FIG. 3A illustrates an asymmetric slow wave structure. The asymmetric waveguide 300 shown along axes X, Y, and Z comprises a plurality of asymmetric cells 310. FIG. 3B illustrates one embodiment of an asymmetrical cell 310 of the asymmetric waveguide 300. The asymmetric cell 310 may comprise a pair of first projections 330 a, 330 b extending from a first wall 335 (FIG. 3A) and a second projection 340 extending from a second wall 345 (FIG. 3A). The first projections 330 a, 330 b may be separated by a distance d. The second projection 340 may be located asymmetrically between the pair of first projections 330 a, 330 b. For example, in the illustrated embodiment, the center point of the second projection 340 is located at a distance of d/2+∈ from the first of the pair of first projections 330 a and at a distance of d/2−∈ from the second of the pair of first projections 330 b, wherein ∈ is a non-zero offset of, the second projection 340. The asymmetric waveguide 300 may be generated by arranging a plurality of asymmetric cells 310 periodically. The asymmetric waveguide 300 may be configured to receive an input electron beam 302 (FIG. 3A) and an input RF wave. The input RF wave may comprise a pure transverse-magnetic (TM) field or a combination of a transverse-magnetic (TM) field and a transverse-electric (TE) field.

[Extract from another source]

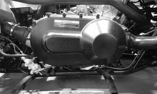 3.With the vehicle in neutral, rotate the V-belt and clutches counterclockwise until the V-belt is flush with the top of the driven pulley. 4.Place the CVT cover gasket into position; then install the cover and secure with the cap screws. Tighten the cap screws to 45 in.-lb. 5.Install the right-side footrest and brake pedal (see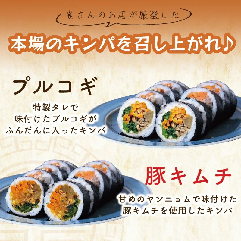 【ふるさと納税】冷凍キンパセット 選べる 種類 本数 5本 / 10本 本場 厳選 プルコギ 豚キムチ ハムチーズ ツナマヨ やさい ヤンニョム 韓国 本格的 手作り キンパ 食事 おつまみ 食べやすい 国産米使用 レンジ解凍 冷凍保存 簡単調理 お手軽 時短 大阪府 泉佐野市 送料無料

FIG. 4A illustrates a phase velocity relationship of phase velocity versus frequency of a forward wave 404 (“MODE 1”) and a backward wave 406 (“MODE 2”) of an asymmetric waveguide 300 interacting with an electron beam 402 traveling with a beam velocity relative to the speed of light (C) where the distance between asymmetric cells is “d,” in which d is 0.19016. The horizontal axis displays a Frequency range between 190 and 300 GHz and the vertical axis displays a Phase Velocity range relative to the speed of light between 0.26 and 0.46. As can be seen in FIG. 4A the forward wave 404 intersects the electron beam 402, having a phase velocity relative to the speed of light of 0.26984, for almost the entire bandwidth of the forward wave. The plurality of asymmetric cells 310 (FIG. 3A) creates a band-gap between the forward wave 404 and the backward wave 406 of the asymmetric waveguide 300 (FIG. 3A) at the pi point. The backward wave 406 of the asymmetric waveguide 300 (FIG. 3A) lacks a phase velocity component that intersects with the electron beam 402. Therefore, the backward wave 406 is not amplified by the electron beam 402 and backward-wave oscillation does not occur in the asymmetric waveguide 300.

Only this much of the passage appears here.